The pipeline of the proposed method. We present a stochastic regression with latent dropout codes for image generation, which are fixed during training. At test time, we are able to generate more examples by providing newly sampled codes. Besides, Diversity is further improved by sampling many neighbors considering the condition input when the data distribution is dense enough. With those neighbors, we directly learn the one-to-many mapping by assigning sampled neighbors to different network branches.

In particular, Generative Adversarial Networks (GANs) [1] have contributed in recent years to the state-of-the-art in generative models of such high dimensional output spaces – as we are dealing with in the case of images. These methods allow for sampling by a random generated latent code and the adversarial training leads to highly accurate and realistic samples. The vanilla version of these models lacks the capability for conditional sampling and these methods are known to be notoriously difficult to train and often do not reproduce the full diversity of the training data.

Conditional Variational Autoencoders (CVAE) [2] have been introduced to model a latent code in dependence of the input and by a probabilistic formulation have shown an increased diversity in the generated samples. These models tend to be more stable to train, but still suffer from mode-mixing issues – limiting the success when conditioning data is weak. A series of Conditional GAN (CGAN) models [3,4,5] have been proposed that combine ideas of GANs and CVAE (bicycleGAN [4], pix2pix [5]) and thereby achieve some of the increased diversity of CVAE, but yet suffer from some stability problems of GANs.

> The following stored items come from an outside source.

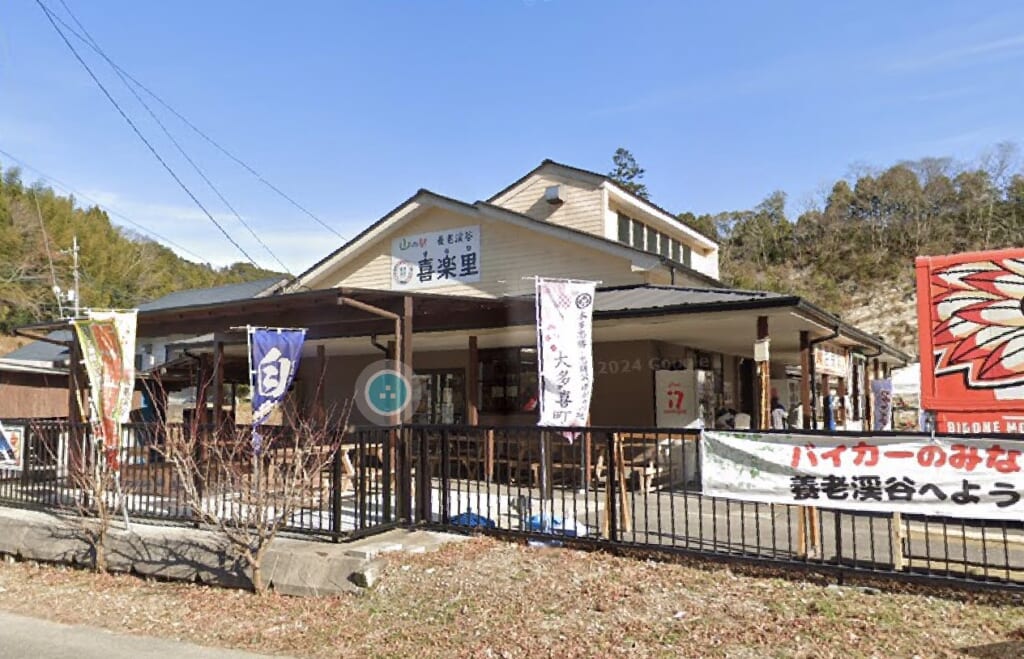 また、同じく徒歩6分の場所に山の駅 養老渓谷 喜楽里があり、ハンバーガーやお蕎麦・アユの塩焼きなどの食事やお土産・お酒・地元農家の新鮮な野菜などの販売も行っています。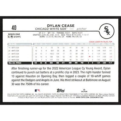 This is a 2024 Topps Rainbow Foil Dylan Cease baseball card. The card is #40 and pictures show condition.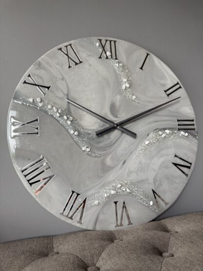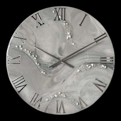 Horloge murale 60cm, tons gris et argenté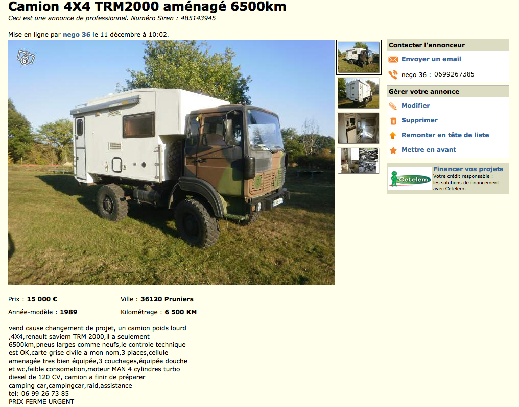 Et Dernière nouvelle, un lourd imprévu financier nous amène a reconsidérer nos projet; de fait notre camion n'est plus a vendre.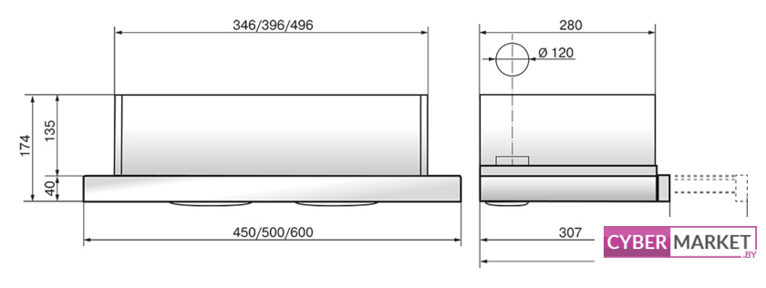 конструкция телескопическая, монтаж для встраивания, управление кнопочное, производительность мотора 390 м³/ч, ширина 60 см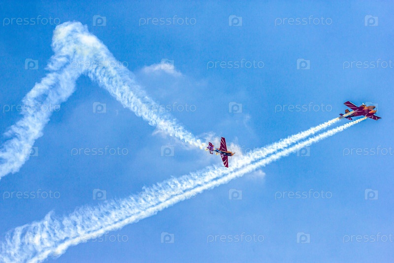 Пилотажная группа «Первый полет» выполняет показательные полеты на поршневых самолетах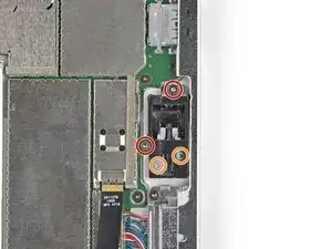 С помощью пинцета снимите два EMI-экрана, закрывающие разъёмы кабелей дисплея.

In order to address the stability issues, several models have been recently presented [6] that are based on the idea of Multiple Choice Learning (MCL). In essence, this re-phrases the conditional generation problem, as a regression task with a fixed number of output samples. This greatly improves the stability of the learning, but no additional samples can be drawn and there is no latent code that represents the samples.

We present a novel solution to the conditional image generation task that is stable to train, has a latent code representation, can be sampled from and results in accurate and diverse samples. We achieve this in a stochastic regression formulation where dropout patterns are conditioned on latent codes. A new training objective increases coverage of the training distribution – resulting in accurate and diverse samples at test time. Our experimental results on two datasets show improvements in efficiency, accuracy and diversity.

2 Related Work

Image generation with CNNs. The most prominent approach in image generation recently is generative adversarial networks (GANs) [1] based method. In the original work of Goodfellow et al., it is used to generate digital number from random noise. Besides, GANs are extended into conditional models [3], that generate examples conditional on the input given by users. Conditional GAN has been applied in many interesting tasks, like text-to-image synthesis [7, 8], image generation from a normal map [9], inpainting [10], or image super resolution [11]. Particularly, Isola et al. [5] regarded a set of image generation tasks under the image-to-image translation framework and formulated the translation task as the optimization of combined regression and adversarial loss, and finally achieved remarkable results. Zhu et al. [4] modeled the distribution of latent variables in the image-to-image translation framework [5] for generating multimodal images.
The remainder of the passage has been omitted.